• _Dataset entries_
-.-.-

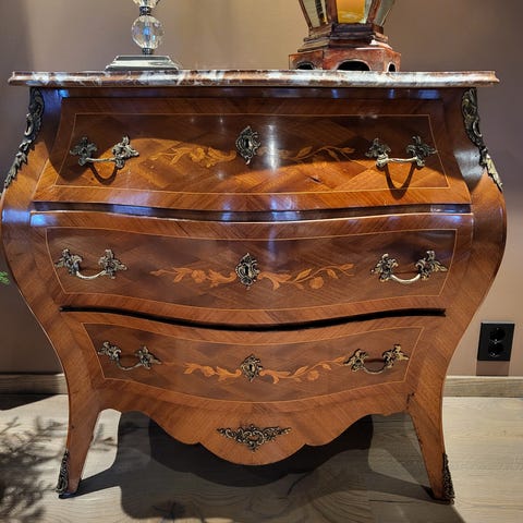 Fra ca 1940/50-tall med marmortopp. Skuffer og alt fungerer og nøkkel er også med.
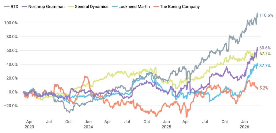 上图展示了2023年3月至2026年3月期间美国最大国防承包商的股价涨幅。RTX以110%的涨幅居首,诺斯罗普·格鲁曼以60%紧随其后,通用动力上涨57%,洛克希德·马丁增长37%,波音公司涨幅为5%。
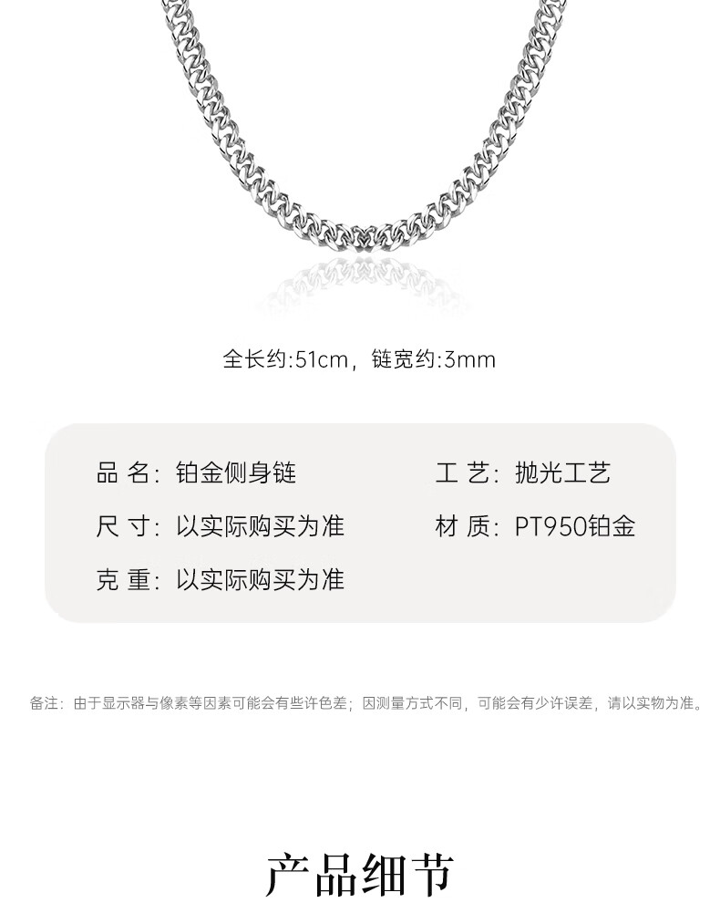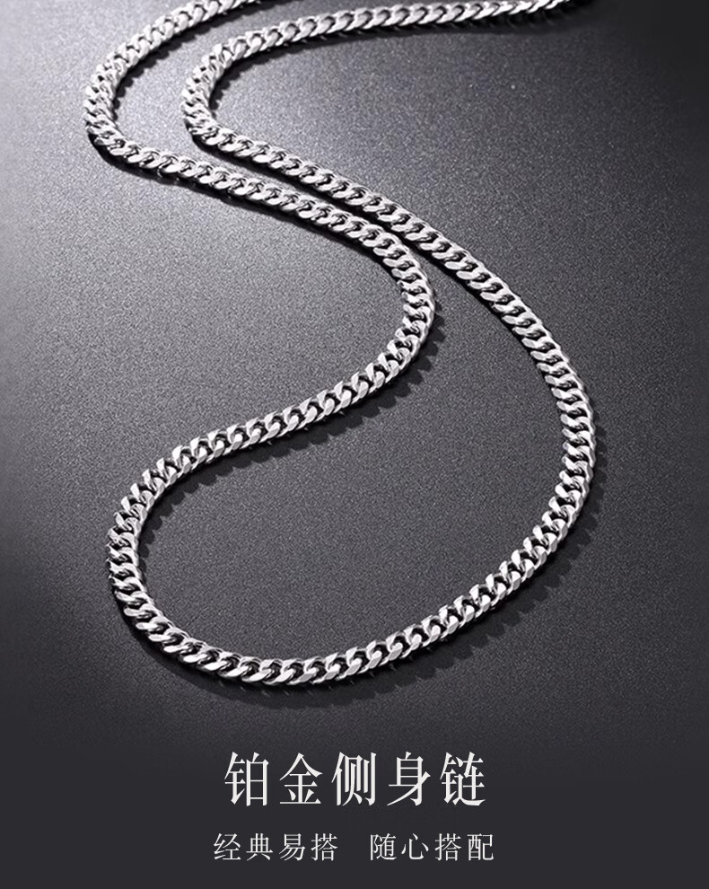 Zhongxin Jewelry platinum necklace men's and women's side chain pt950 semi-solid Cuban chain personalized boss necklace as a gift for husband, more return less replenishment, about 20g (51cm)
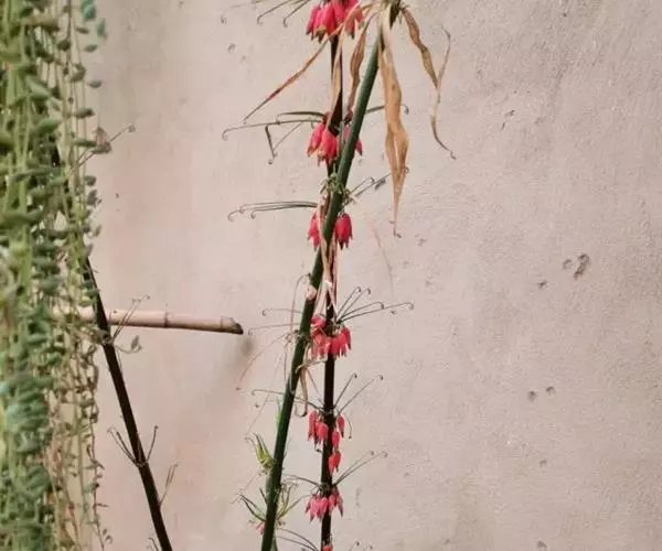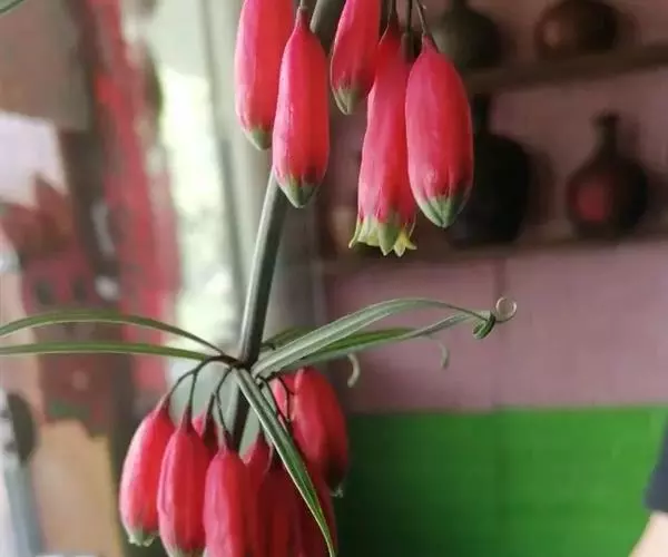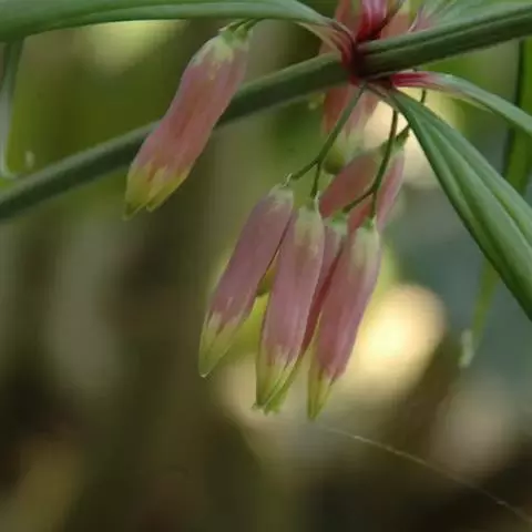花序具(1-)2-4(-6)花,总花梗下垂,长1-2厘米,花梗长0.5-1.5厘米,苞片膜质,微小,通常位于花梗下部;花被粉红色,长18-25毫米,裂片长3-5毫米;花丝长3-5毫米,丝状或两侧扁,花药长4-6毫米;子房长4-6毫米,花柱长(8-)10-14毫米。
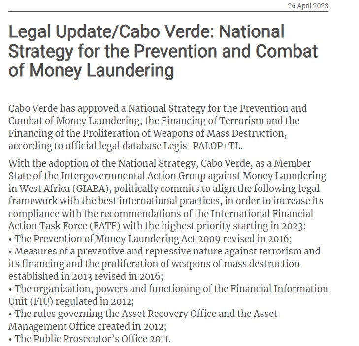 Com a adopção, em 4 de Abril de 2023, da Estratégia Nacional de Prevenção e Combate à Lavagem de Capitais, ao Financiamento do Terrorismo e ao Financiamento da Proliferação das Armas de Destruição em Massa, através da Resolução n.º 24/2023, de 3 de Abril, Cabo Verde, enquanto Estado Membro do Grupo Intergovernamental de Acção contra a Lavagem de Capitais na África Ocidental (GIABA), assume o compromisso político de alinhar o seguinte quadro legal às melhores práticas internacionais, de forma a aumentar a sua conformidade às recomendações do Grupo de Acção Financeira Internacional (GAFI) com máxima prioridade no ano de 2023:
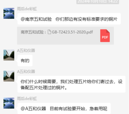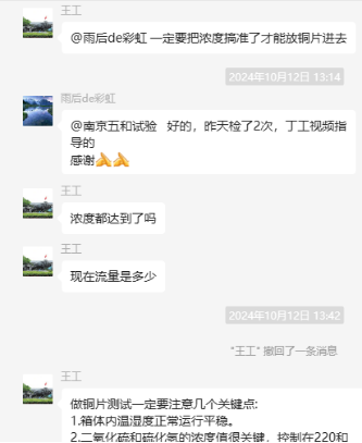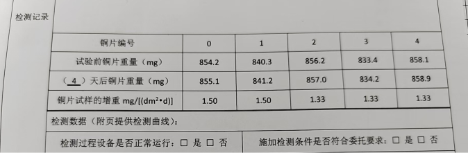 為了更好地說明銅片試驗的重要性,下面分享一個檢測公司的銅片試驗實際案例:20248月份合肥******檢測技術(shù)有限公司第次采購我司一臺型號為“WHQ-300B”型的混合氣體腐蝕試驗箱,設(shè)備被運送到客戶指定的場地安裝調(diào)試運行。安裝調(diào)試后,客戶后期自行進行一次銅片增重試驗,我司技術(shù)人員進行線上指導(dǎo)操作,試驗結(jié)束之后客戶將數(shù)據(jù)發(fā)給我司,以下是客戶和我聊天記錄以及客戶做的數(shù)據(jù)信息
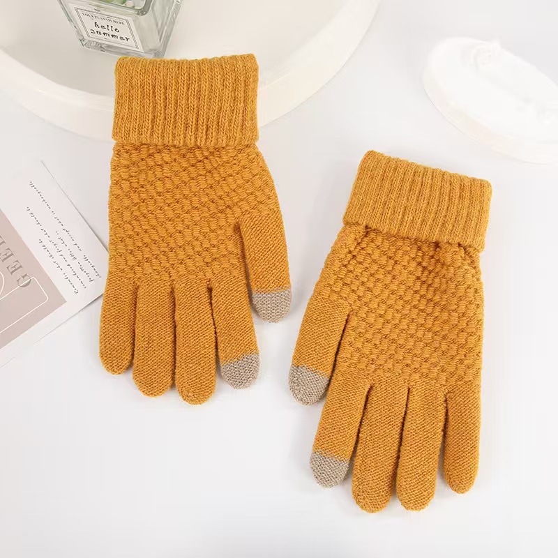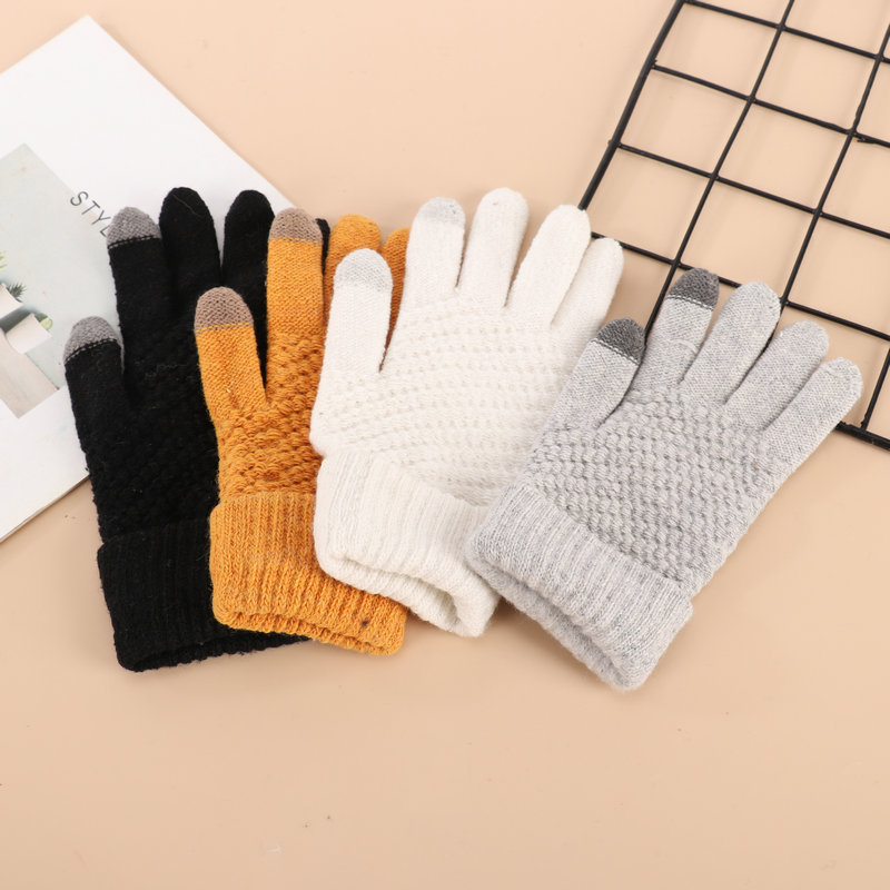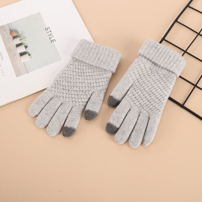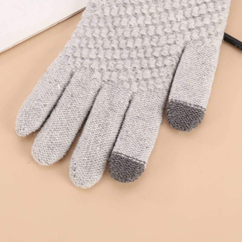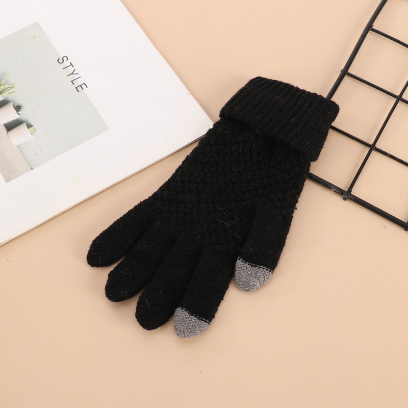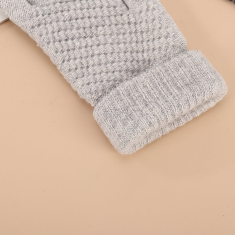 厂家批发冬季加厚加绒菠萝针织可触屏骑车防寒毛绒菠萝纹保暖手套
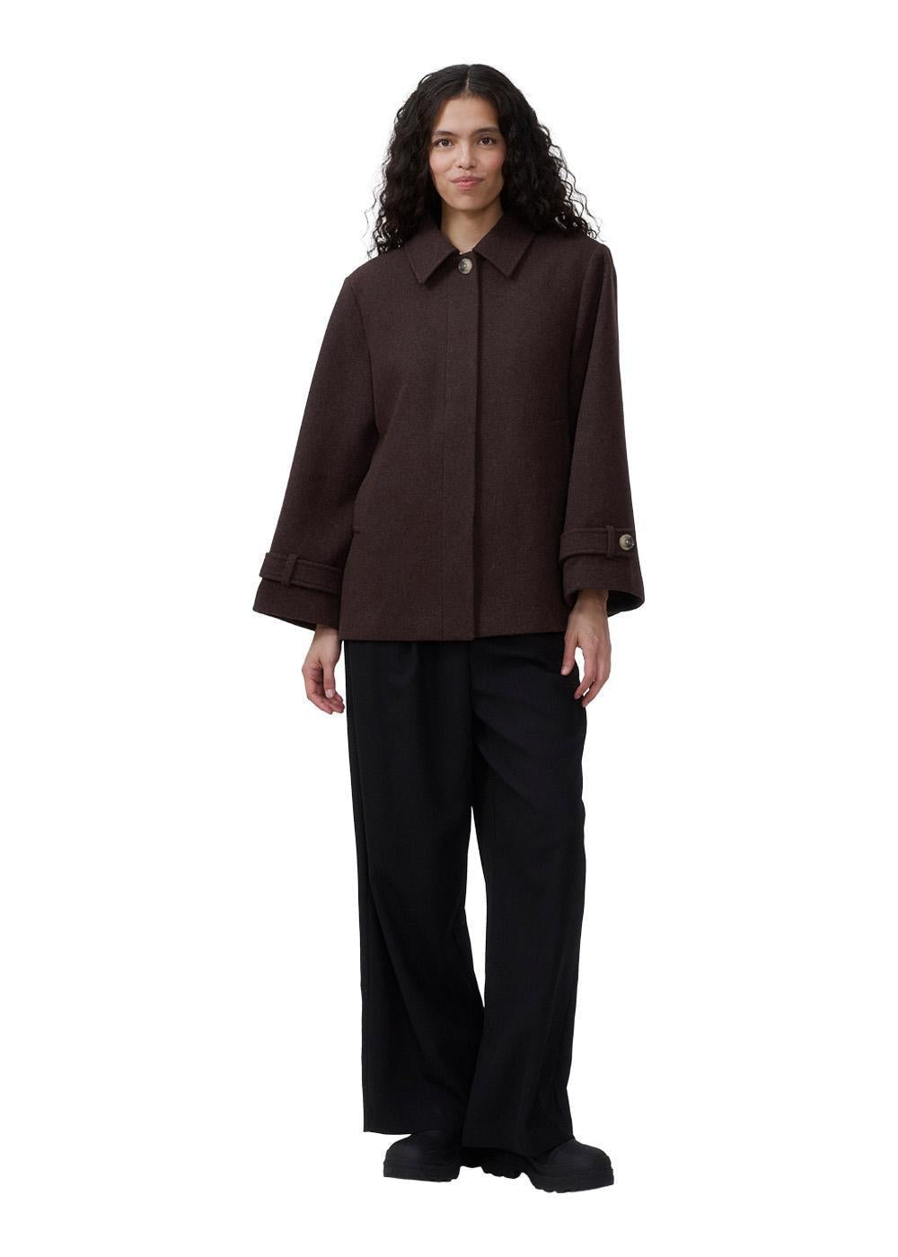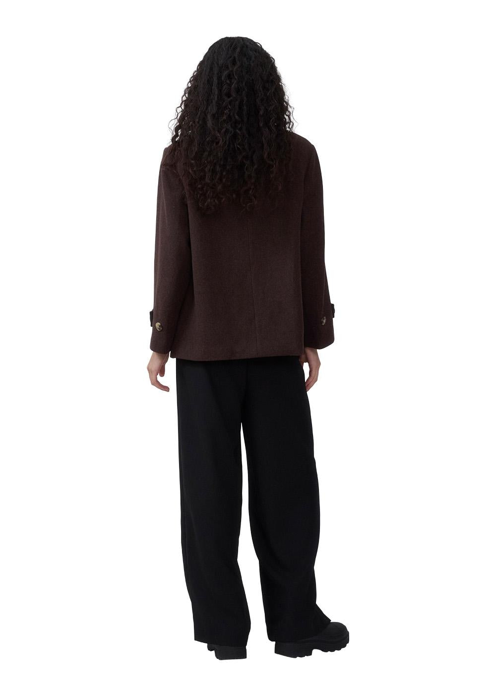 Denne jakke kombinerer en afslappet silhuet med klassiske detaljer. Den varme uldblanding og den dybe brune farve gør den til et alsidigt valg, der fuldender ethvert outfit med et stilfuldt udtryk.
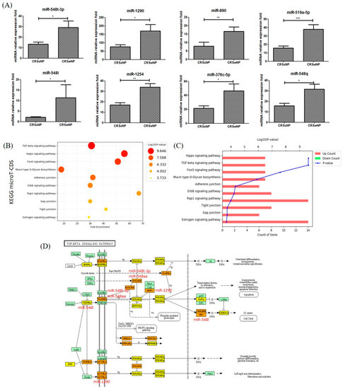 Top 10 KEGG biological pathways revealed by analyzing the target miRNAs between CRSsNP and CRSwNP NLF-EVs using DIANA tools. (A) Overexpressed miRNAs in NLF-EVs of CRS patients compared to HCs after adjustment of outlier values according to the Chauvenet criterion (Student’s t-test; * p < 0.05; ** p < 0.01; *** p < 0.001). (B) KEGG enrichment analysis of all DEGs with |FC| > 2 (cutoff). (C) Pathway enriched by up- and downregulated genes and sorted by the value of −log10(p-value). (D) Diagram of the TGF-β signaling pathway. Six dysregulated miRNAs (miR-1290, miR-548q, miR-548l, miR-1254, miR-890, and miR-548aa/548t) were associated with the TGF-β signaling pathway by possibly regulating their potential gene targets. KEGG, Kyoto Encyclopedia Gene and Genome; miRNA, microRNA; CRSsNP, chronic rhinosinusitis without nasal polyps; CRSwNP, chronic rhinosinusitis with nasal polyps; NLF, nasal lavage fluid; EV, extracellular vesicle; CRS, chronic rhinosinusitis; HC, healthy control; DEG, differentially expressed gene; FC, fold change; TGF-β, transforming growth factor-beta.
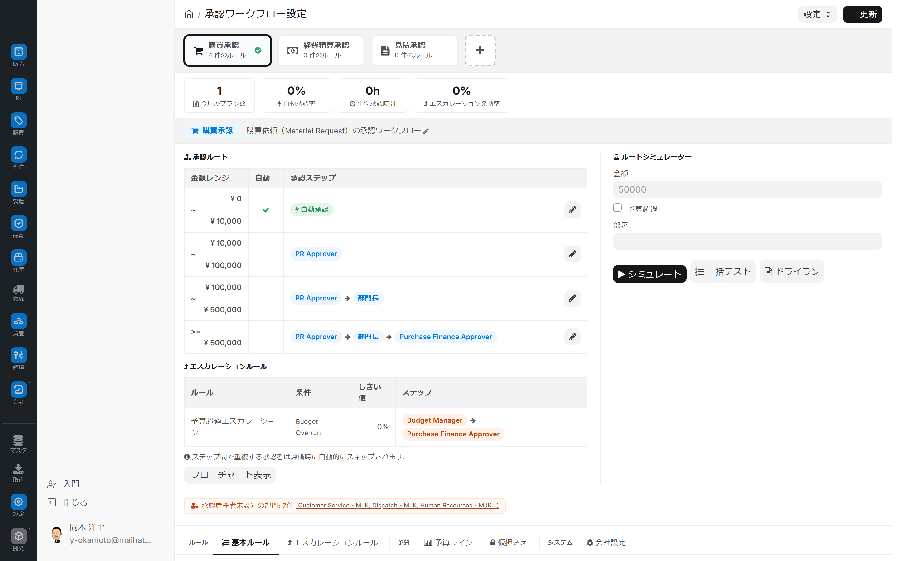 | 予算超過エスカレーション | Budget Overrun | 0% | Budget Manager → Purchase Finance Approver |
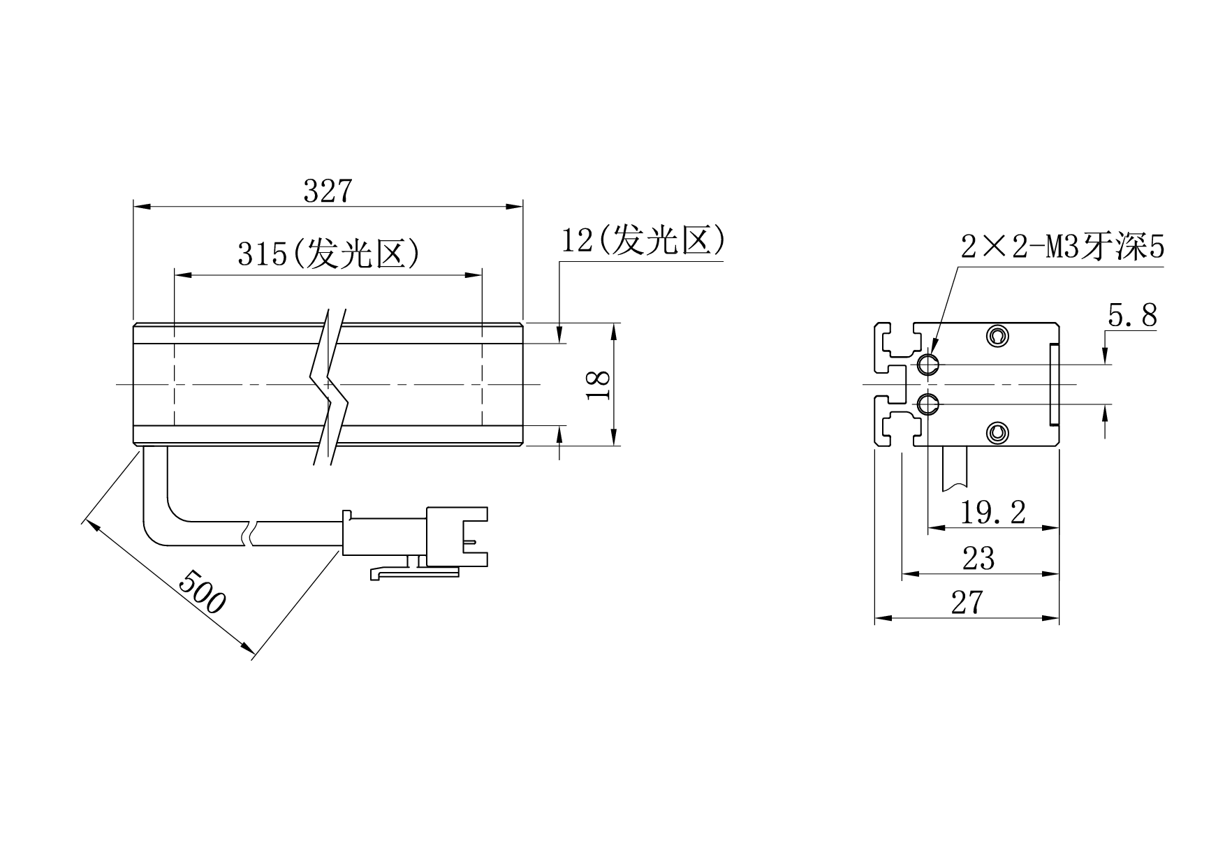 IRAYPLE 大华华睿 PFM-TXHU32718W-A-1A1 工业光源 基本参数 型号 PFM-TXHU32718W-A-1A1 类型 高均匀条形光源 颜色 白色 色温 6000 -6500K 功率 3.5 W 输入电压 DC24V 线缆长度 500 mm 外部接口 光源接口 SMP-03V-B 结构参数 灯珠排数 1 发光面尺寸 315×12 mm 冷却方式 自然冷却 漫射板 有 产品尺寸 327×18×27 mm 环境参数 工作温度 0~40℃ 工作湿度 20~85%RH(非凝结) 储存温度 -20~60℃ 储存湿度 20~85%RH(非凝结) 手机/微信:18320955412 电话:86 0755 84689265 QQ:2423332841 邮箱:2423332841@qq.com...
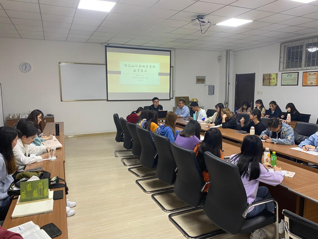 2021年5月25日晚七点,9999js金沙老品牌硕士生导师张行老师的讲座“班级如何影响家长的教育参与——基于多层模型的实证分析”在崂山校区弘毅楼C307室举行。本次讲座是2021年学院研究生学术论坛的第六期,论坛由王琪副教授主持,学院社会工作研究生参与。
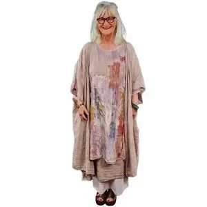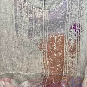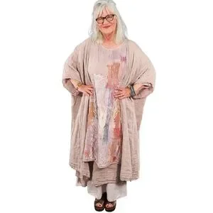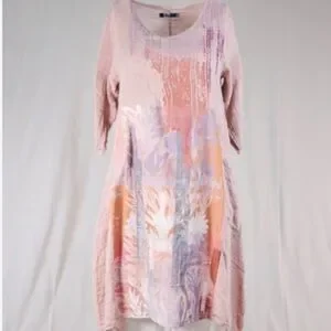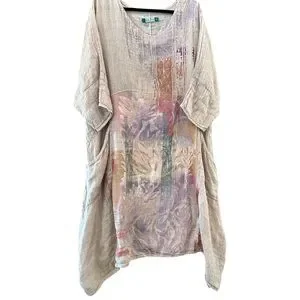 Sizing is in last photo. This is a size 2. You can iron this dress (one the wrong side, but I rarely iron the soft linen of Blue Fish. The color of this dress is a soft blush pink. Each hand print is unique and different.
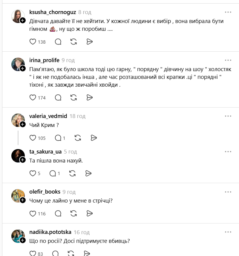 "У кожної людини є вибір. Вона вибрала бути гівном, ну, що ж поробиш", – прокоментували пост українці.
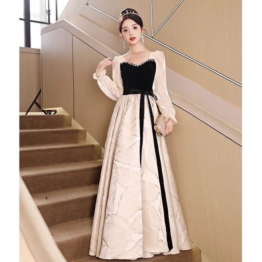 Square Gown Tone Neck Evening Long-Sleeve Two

-.-.-

• _DIRECTIONS FOR THIS TASK_
Look above for the line with "為了更好地說明銅片試驗的重要" and the line with "Finance Approver |", then copy them and all lines in between exactly as written, and only those, without any pictures.

• _EXERCISE OUTPUT_
 為了更好地說明銅片試驗的重要性,下面分享一個檢測公司的銅片試驗實際案例:20248月份合肥******檢測技術(shù)有限公司第次采購我司一臺型號為“WHQ-300B”型的混合氣體腐蝕試驗箱,設(shè)備被運送到客戶指定的場地安裝調(diào)試運行。安裝調(diào)試后,客戶后期自行進行一次銅片增重試驗,我司技術(shù)人員進行線上指導(dǎo)操作,試驗結(jié)束之后客戶將數(shù)據(jù)發(fā)給我司,以下是客戶和我聊天記錄以及客戶做的數(shù)據(jù)信息
 厂家批发冬季加厚加绒菠萝针织可触屏骑车防寒毛绒菠萝纹保暖手套
 Denne jakke kombinerer en afslappet silhuet med klassiske detaljer. Den varme uldblanding og den dybe brune farve gør den til et alsidigt valg, der fuldender ethvert outfit med et stilfuldt udtryk.
 Top 10 KEGG biological pathways revealed by analyzing the target miRNAs between CRSsNP and CRSwNP NLF-EVs using DIANA tools. (A) Overexpressed miRNAs in NLF-EVs of CRS patients compared to HCs after adjustment of outlier values according to the Chauvenet criterion (Student’s t-test; * p < 0.05; ** p < 0.01; *** p < 0.001). (B) KEGG enrichment analysis of all DEGs with |FC| > 2 (cutoff). (C) Pathway enriched by up- and downregulated genes and sorted by the value of −log10(p-value). (D) Diagram of the TGF-β signaling pathway. Six dysregulated miRNAs (miR-1290, miR-548q, miR-548l, miR-1254, miR-890, and miR-548aa/548t) were associated with the TGF-β signaling pathway by possibly regulating their potential gene targets. KEGG, Kyoto Encyclopedia Gene and Genome; miRNA, microRNA; CRSsNP, chronic rhinosinusitis without nasal polyps; CRSwNP, chronic rhinosinusitis with nasal polyps; NLF, nasal lavage fluid; EV, extracellular vesicle; CRS, chronic rhinosinusitis; HC, healthy control; DEG, differentially expressed gene; FC, fold change; TGF-β, transforming growth factor-beta.
 | 予算超過エスカレーション | Budget Overrun | 0% | Budget Manager → Purchase Finance Approver |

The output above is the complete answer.